Bab 8 || Rindu dan Luka

17 1 0
                                    

Ada yang kangen Naina? Atau mungkin Arzio? Atau mungkin author? 😆 Selamat membaca! 😊

💝💝💝

Ya, Arzio tahu, semua telah digariskan. Namun, ia hanya manusia biasa yang bisa merasakan kesedihan dan kehilangan. Meski ia laki-laki, bukan berarti ia tak bisa sedih dan menangis. Laki-laki juga punya hati dan perasa, meski tak sesensitif wanita.

Haaah ....

Arzio mengembuskan napas panjang, sesekali menggerakkan anggota tubuhnya yang terasa pegal. Menghabiskan waktu di luar kota untuk mengurus bisnis mebel sang ayah.

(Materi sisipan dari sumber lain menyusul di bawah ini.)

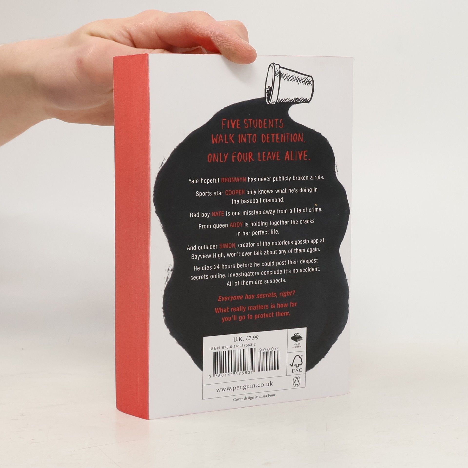 On Thursday afternoon, five students at Bayview High walk into detention. Bronwyn,the brain, is Yale-bound and never breaks a rule. Addy, the beauty, is the picture-perfect homecoming princess. Nate,the criminal,is already on probation for dealing. Cooper,the athlete,is the all-star baseball pitcher. And Simon,the outcast,is the creator of Bayview High's notorious gossip app. Only, Simon never makes it out of that classroom. Before the end of detention, Simon's dead. And according to investi-gators, his death wasn't an accident. On Thursday, he died. But on Friday, he'd planned to post juicy reveals about all four of his high-profile classmates, which makes all four of them suspects in his murder. Or are they just the perfect patsies for a killer who's still on the loose? Everyone has secrets, right? What really matters is how far you would go to protect them.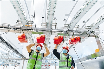 6月4日,工人们在伊利现代智慧健康谷液态奶全球智造标杆基地项目生产线上进行设备调试。该项目位于伊利现代智慧健康谷核心区,总投资50亿元,是全球单体规模最大、自动化水平最高、技术装备最先进、零碳绿色、5A级沉浸体验的全球智能制造标杆项目,计划6月中旬投入运行。本报记者 王晓博 摄

Lelah? Tentu. Karena ia bukan hanya mengecek, tapi meneliti keseluruhan. Dari pemilihan pohon dan kayu di hutan, hingga proses lainnya hingga selesai. Mau tak mau, Arzio harus melakukannya. Meski ia harus meninggalkan Aini yang masih bersedih, tapi ini juga permintaan Aini yang tak bisa ditolak. Aini yang meminta Arzio pergi ke sini dan mengurusi semuanya.

Ah, Ibu ....

Diraihnya ponsel yang tergeletak di meja, lalu mencari kontak ibunya.

"Assalamualaikum, Ibu!" sapanya dengan lembut.

"Waalaikumussalam, A! Aa sehat?" Suara Aini menyahut di seberang sana.

"Sehat, Bu. Ibu gimana?" tanya Arzio.

"Ibu juga sehat."

"Benar?" tanyanya lagi. Kali ini memastikan.

Tak ada jawaban.

"Bu, Aa nggak mau Ibu sedih terus," tutur Arzio.

"Kamu jangan khawatirin Ibu, fokus aja sama kerjanya. Ibu sehat, kok. Aa udah makan? Jangan sampai lupa makan, A."

"Iya, Bu. Kan ada Om Ardi juga di sini," balas Arzio.

"Ya udah, Ibu tutup teleponnya, ya. Ada yang datang, mungkin Ica sudah pulang," tutur Aini.

Memang, selama Arzio menetap di Bandung, Ica yang menemani ibunya. Adik sepupunya itu, alias anak dari Om Ardi sejak kecil sudah dekat dengan Aini. Gadis berusia 22 tahun itu juga memutuskan untuk meneruskan S2 di universitas yang tak jauh dari rumah. Sekalian menemani Ibu, begitu katanya.

"Ibu baik-baik, ya."

"Iya. Assalamualaikum!" tutup Aini.

"Waalaikumussalam!"

Arzio mematikan layar ponsel dan meletakkannya di atas meja. Baru saja ia hendak pamit, Ardi—adik ayahnya menghampiri.

"Kamu sudah makan?" tanya Ardi.

"Belum, Om," jawabnya.

Ardi menggeleng-gelengkan kepala sembari berkacak pinggang. "Kamu ini, makan aja susah. Makin kurus loh, nanti. Enggak ada perempuan yang mau," celetuk Ardi yang membuat Arzio tertegun.

Naina ....

Bodoh! Kenapa bisa melupakan perempuan satu itu? Terlebih, ada janji temu yang ia ingkari begitu saja. Meski ada alasan penting, tapi kenapa tak mengabari? Arzio merutuki diri sendiri. Kembali ia meraih ponselnya dan mencari kontak Naina.